Unglückliche Umstände
Loteritsch schildert die dramatischen Minuten, die sein Leben veränderten: „Wir bereiteten das Dach für eine Sanierung vor. Mit einem Saugbagger entfernten wir dafür das Kies, das auf dem Flachdach ausgebracht war. Dabei machte ich einen Schritt zurück, stolperte und wollte mich dann reflexartig an der Lichtkuppel auf dem Dach abstützen.“ Diese war jedoch spröde, brach unter seinem Gewicht und Patrick stürzte in die darunterliegende Werkstatt.
Der Absturz führte ihn fünf Meter in die Tiefe, wo er auf der Heckscheibe eines Autos landete. „Beim Aufprall zerbrach die Scheibe und dabei habe ich mir wohl auch die schlimme Kopfverletzung zugezogen. Das hat meinen Sturz aber zum Glück abgefedert. Ohne dieses Auto wäre ich direkt auf den Betonboden geknallt. Wer weiß, ob ich das überlebt hätte?“ Das laute Bersten der Scheibe höre er noch heute in seinen Gedanken.

Schwer verletzt
„Ich lag am Boden und spürte eigentlich kaum Schmerzen. Nachdem in der Lage war, Arme und Beine zu bewegen, war ich kurz erleichtert, aber ich konnte nicht aufstehen. Dann habe ich gesehen, wie sich von meinem Kopf ausgehend eine Blutlache bildete und mir war klar, dass das doch etwas Gröberes ist“, erinnert sich der Dornbirner. „Als ich meinen Kopf abtastete, fühlte es sich komisch an. Kein Wunder: Später stellte sich heraus, dass ich eine grobe Skalpierung hatte.“ Trotz der schweren Verletzungen blieb er bei Bewusstsein. Ein Kollege und der Besitzer der Halle waren sofort bei ihm und alarmierten die Rettung. Wenige Minuten später war der Notarzt vor Ort. Im Landeskrankenhaus Bludenz wurde ein CT durchgeführt, das zum Glück ergab, dass keine Knochenbrüche vorlagen. Dennoch musste Patrick Loteritsch umgehend notoperiert werden.

Bange Stunden
Besonders dramatisch waren die Stunden für seine Partnerin, mit der Loteritsch eine zweijährige Tochter hat. „Der Unfall passierte um 13.45 Uhr, und ich wurde nach der Untersuchung sofort operiert. Ihr wurde nur gesagt, dass ich einen Unfall hatte und am Kopf operiert werden muss. Sie konnte mich erst gegen 18 Uhr sehen.“ Als klar war, dass er keine Folgeschäden haben würde, war der erste Schock überwunden.
Dankbarkeit
Nach der Operation begann der Heilungsprozess überraschend schnell. „Schon nach wenigen Tagen war die Wunde fast verheilt.
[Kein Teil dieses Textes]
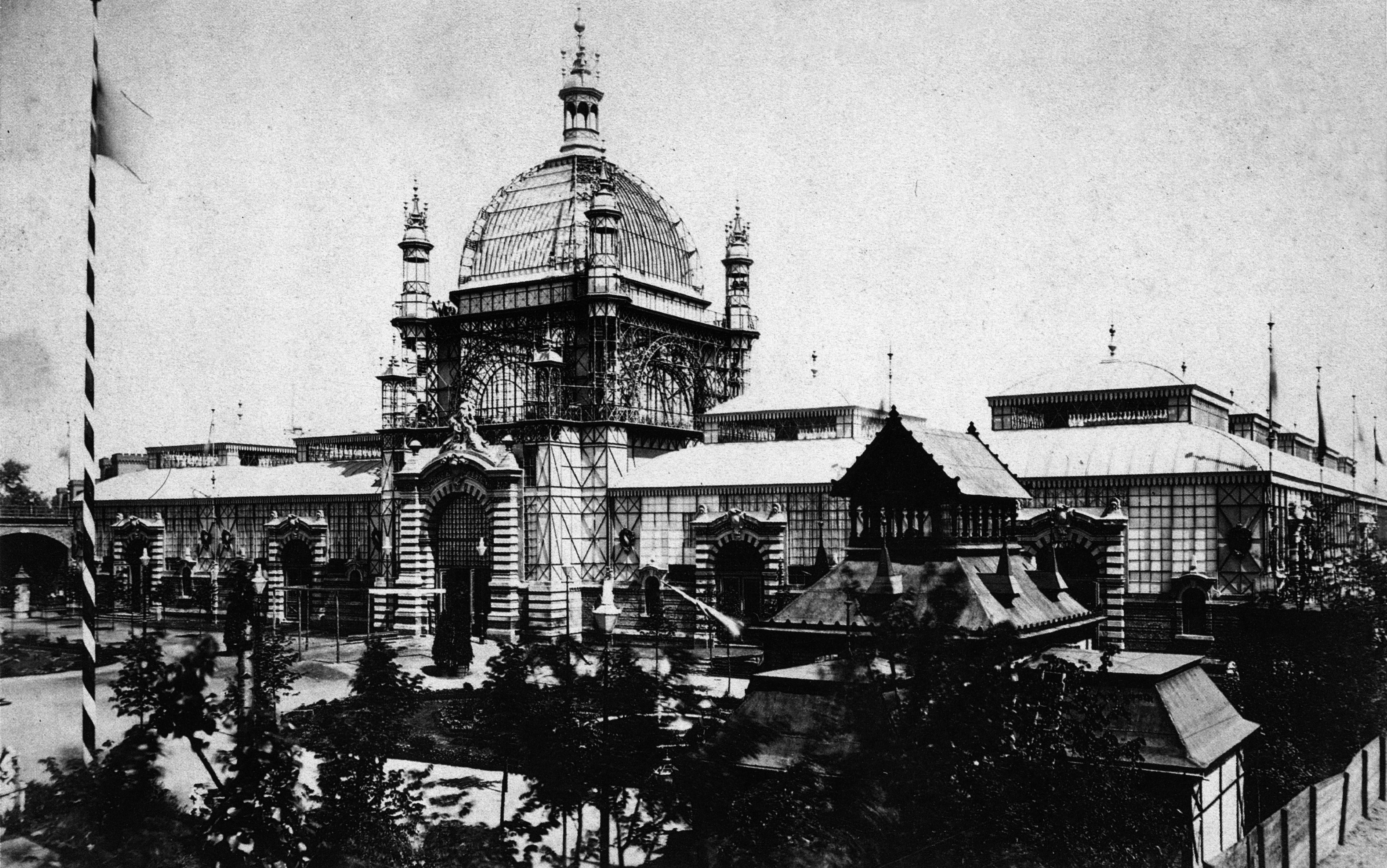 The ULAP Ausstellungspalast (“exhibition palace”) in Moabit, Berlin. The building was destroyed in an allied attack in 1943.

Die Ärzte hatten eigentlich von zwei bis drei Wochen gesprochen, aber ich muss eine unglaublich gute Wundheilung haben“, berichtet er erleichtert. Sein Kopf war zunächst komplett verbunden, ein Schlauch sorgte dafür, dass Druck und Flüssigkeit entweichen konnten. Als der Verband entfernt wurde, war er überrascht, dass nicht mehr viel von der Verletzung zu sehen war.
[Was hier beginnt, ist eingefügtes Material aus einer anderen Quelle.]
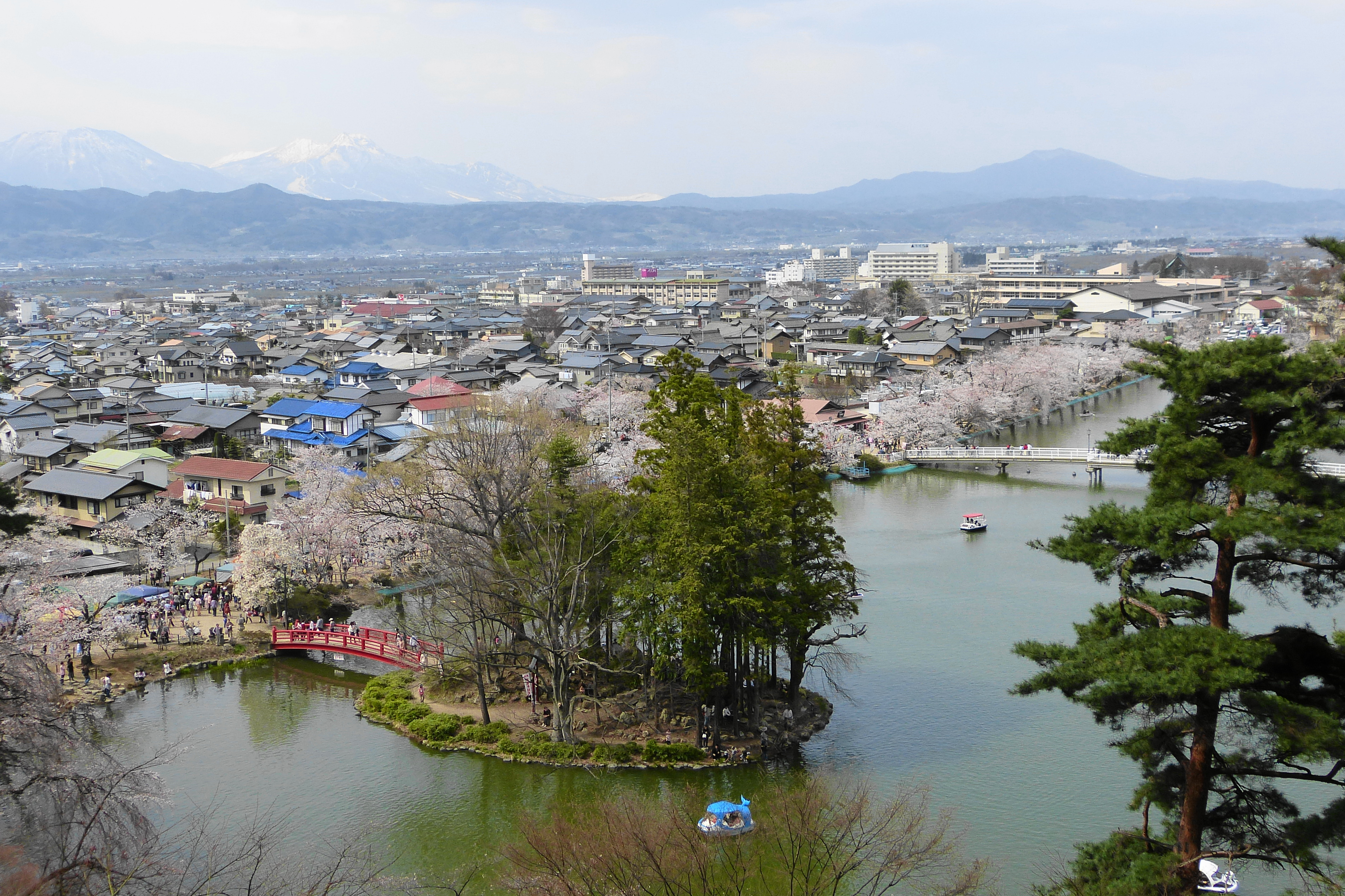 Cherry trees in Garyū park (Japan's Top 100 famous place of cherry trees), Suzaka city, Nagano prefecture, Japa.

Heute, nur wenige Monate nach dem Unfall, bleibt eine lange Narbe, die von der Stirn bis zum Hinterkopf reicht. Doch er nimmt es mit Humor: „Vor wenigen Tagen wurden mir die Fäden gezogen. Zum Glück habe ich keine Glatze, sonst wäre die Narbe nicht zu übersehen“, erklärt er grinsend.
Den Ärzten und dem medizinischen Personal im LKH Bludenz ist Loteritsch besonders dankbar: „Sie wissen genau, was sie tun. Dieser Unfall hätte auch ganz anders ausgehen können. Ich hatte tausend Schutzengel!“
Arbeitssicherheit
Nach dem Unfall hat sich sein Blick auf die Arbeit grundlegend verändert. Als Juniorchef in einem Familienbetrieb, der in zweiter Generation geführt wird, trägt er nicht nur Verantwortung für sich selbst, sondern auch für seine Mitarbeitenden.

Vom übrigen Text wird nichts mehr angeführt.